Ação da Petrobras estreia em alta e segue em recuperação


Ao final de um pregão marcado por volatilidade, o papel ordinário (PETR3) fechou com valorização de 2,02%, cotado a R$ 30,25. O preferencial (PETR4) terminou a R$ 26,50, uma valorização de 0,76%, movimentando R$ 1,53 bilhão, em mais de 38 mil negócios.
Nesta terça-feira (28), o papel ordinário da Petrobras operava às 10h32 (horário de Brasília) com estabilidade, cotado a R$ R$ 30,25. O preferencial registrava ligeira alta de 0,34%, a R$ R$ 26,59.

Com o objetivo de levantar recursos para explorar as jazidas do pré-sal, a estatal captou R$ 120 bilhões na maior oferta de ações do mundo.
Para Marco Aurélio Etchegoyen, operador da corretora gaúcha Diferencial, o desempenho atendeu as expectativas. "A partir de agora, a expectativa é de uma trajetória mais favorável das ações", projeta.

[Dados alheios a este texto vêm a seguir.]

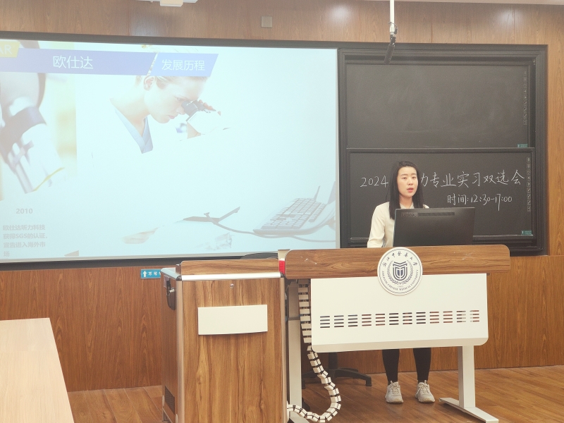 本次双选会邀请到天津市第一中心医院等3家医院和杭州惠耳听力技术设备有限公司等6家企业参会,提供57个实习岗位,全方位覆盖听力检测、助听器验配、产品运营、研发、销售等听力行业方向。会上,9家用人单位依次进行宣讲,为参会同学全面讲解听力行业现状和发展前景;根据医院、企业的不同招聘岗位,详细介绍用人需求,争取做到人岗匹配;对于同学们关心的实习补贴、工作环境、就业机会、晋升渠道也一一作了解答。会后,用人单位与员工面对面就实习咨询、投递简历和签订实习意向等问题进行更深入交流,双选会现场氛围热烈。
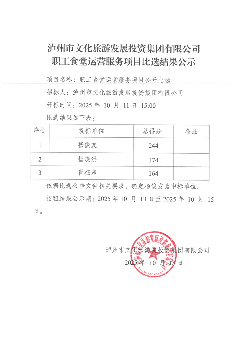 泸州市文化旅游发展投资集团有限公司职工食堂运营服务项目比选结果公示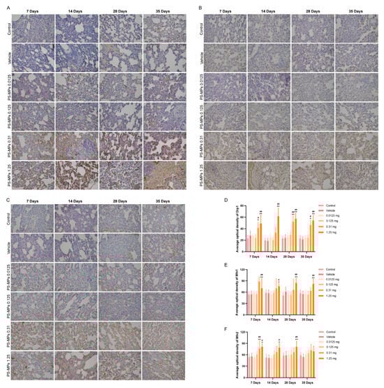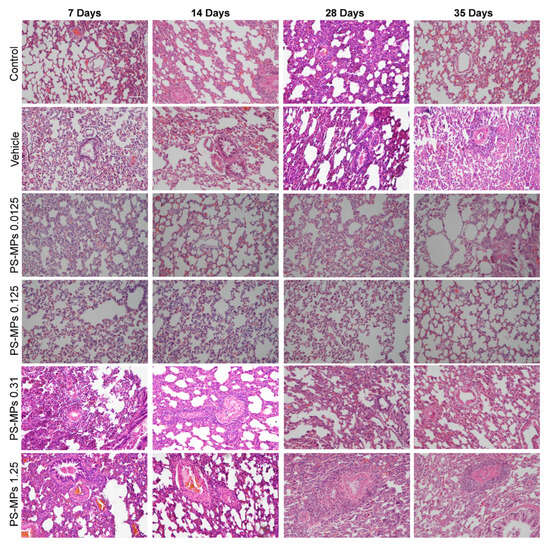 The lung structure in the different treatment groups was evaluated using HE staining. The alveolar structure was intact in the control, vehicle, 0.0125 mg PS-MP, and 0.125 mg PS-MP groups, the alveolar wall was thin and clear, and the alveolar cavity did not collapse (Figure 4). However, the alveolar structure was irregular in the 0.31 mg and 1.25 mg PS-MP groups; the alveolar wall was thickened, the alveolar cavity collapsed, and there was a large amount of inflammatory cell infiltration (Figure 4). In particular, after 28 and 35 days of exposure to PS-MPs, larger areas of fibrous scars and more severe inflammatory cell infiltration were observed in the lungs of the rats in the 1.25 mg PS-MP group than in those of the rats in the low PS-MP group, indicating that as the PS-MP exposure duration and dose increased, the structural damage to the lungs gradually worsened (Figure 4).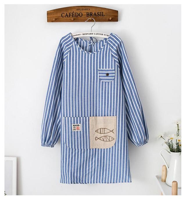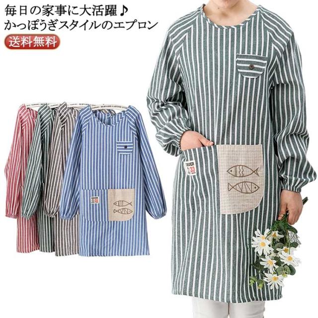 かわいい 割烹着 送料無料 ロング 保育士 おしゃれ レディース エプロン スモック ストライプ かっぽう着 送料無料 母の日 プレゼント 給食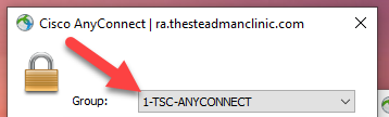 Step 3. For TSC employees, the Group dropdown must match the image below, displaying 1-TSC-AnyConnect.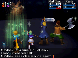 Golden Sun: The Lost Age: Salt can be found as soon as the Great Western Sea is reached, meaning it can be present both as a Venus Djinni to keep set for the sake of classes and as an option to remove Status Conditions for up to Jupiter Lighthouse. In this instance, the only real use Salt has is to cure the Stun status condition that Agatio can cause with his Stun Muscle attack. When Isaac's party joins Felix's party along with their returning Djinn (granted that Password data transfer is in effect), they bring with them an identical equivalent in the Mercury Djinni Tonic. The two are equally usable for whenever a particularly widespread status condition situation transpires, though in a way they are limited because those sorts of situations do not occur often; the only real beneficial use for them in this game is when multiple Adepts are afflicted with Haunt and Death Curse in the fights against the final boss and Dullahan.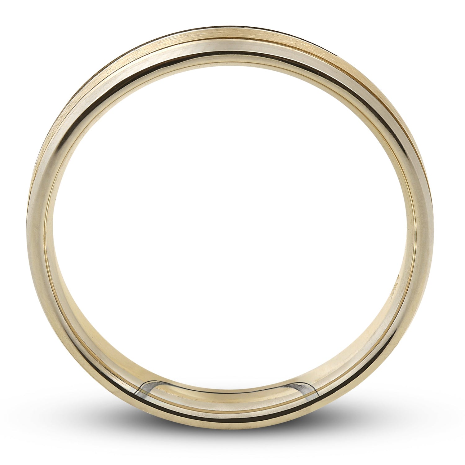 14K White and Yellow Gold, satin center, polished edges, 4mm width.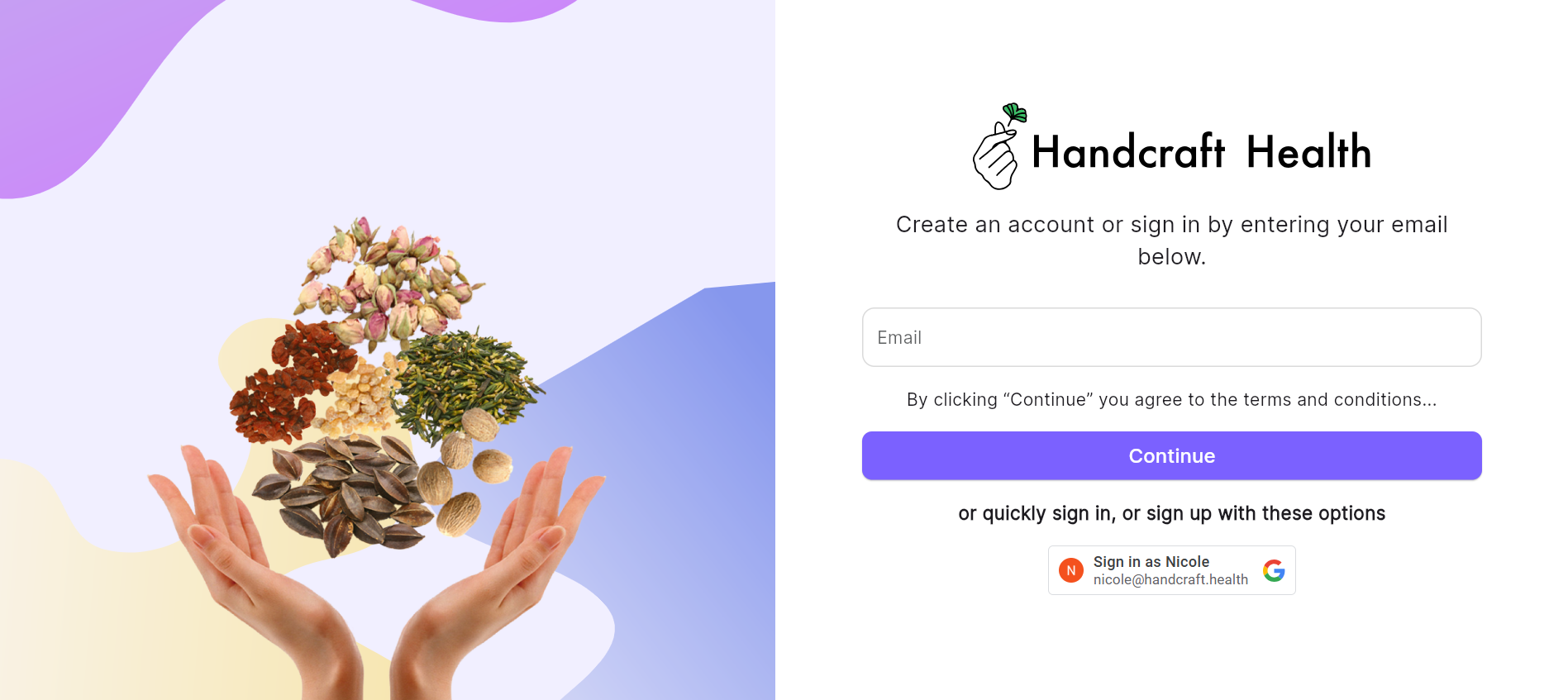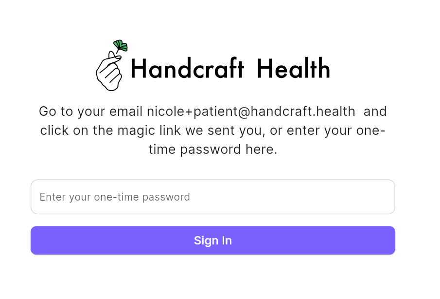 With this simple and secure login process, managing your health with Handcraft Health is easier than ever. If you have any trouble logging in, check your spam folder for the login email or reach out to support for assistance at support@handcraft.health.

Desde o início do ano, os papéis acumulam perdas ao redor de 26% na bolsa, prejudicados pelas incertezas relacionadas à capitalização.

Com praticamente todas as informações disponíveis, a expectativa é de recuperação gradual das ações. Boa parte do mercado, porém, apostava em um valor mais baixo a ser fixado da coleta de intenções na última quinta-feira (26).

William Landers, gestor de um fundo de US$ 8,5 bilhões da gigante BlackRock voltado para América Latina, confessa que a oferta culminou em um preço acima do que "achávamos interessante para aumentar nossa posição".
No começo de 2010, Landers reduziu levemente a exposição em Petrobras, embora tenha mantido a empresa entre as cinco principais do fundo, uma representatividade por volta de 8%.

"Não gostamos dos termos da oferta e não participamos. Agora, pelo menos, chegamos ao final desse processo que pesava não só sobre a ação da Petrobras, mas no mercado como um todo. Estamos analisando eventualmente aumentar nossa posição, caso o papel atinja nosso preço-alvo, senão vamos continuar com outras opções que também tendem a se beneficiar pela ausência de uma operação gigante", analisa Landers.

Aproxima-se do consenso a visão de que não há dúvidas sobre o excelente valor dos ativos do pré-sal, restando apenas incerteza quanto à ingerência do governo.
"Ainda há algumas dúvidas relacionadas ao período eleitoral, como a composição futura da administração", acrescenta o gestor de ativos.

Os analistas Frank McGann e Conrado Vegner, do Bank of America Merrill Lynh, reduziram as estimativas para os American Depositary Receipts (ADRs) da empresa em Nova York, citando a diluição elevada do acionista minoritário.

Segundo o ministro da Fazenda, Guido Mantega, a participação da União na estatal passou de 40% para 48% na capitalização.

Em relatório, a analista Leila Almeida, da consultoria Lopes Filho, opina que a operação foi um sucesso uma vez que a oferta inicial foi totalmente colocada e ainda houve a colocação de lote adicional.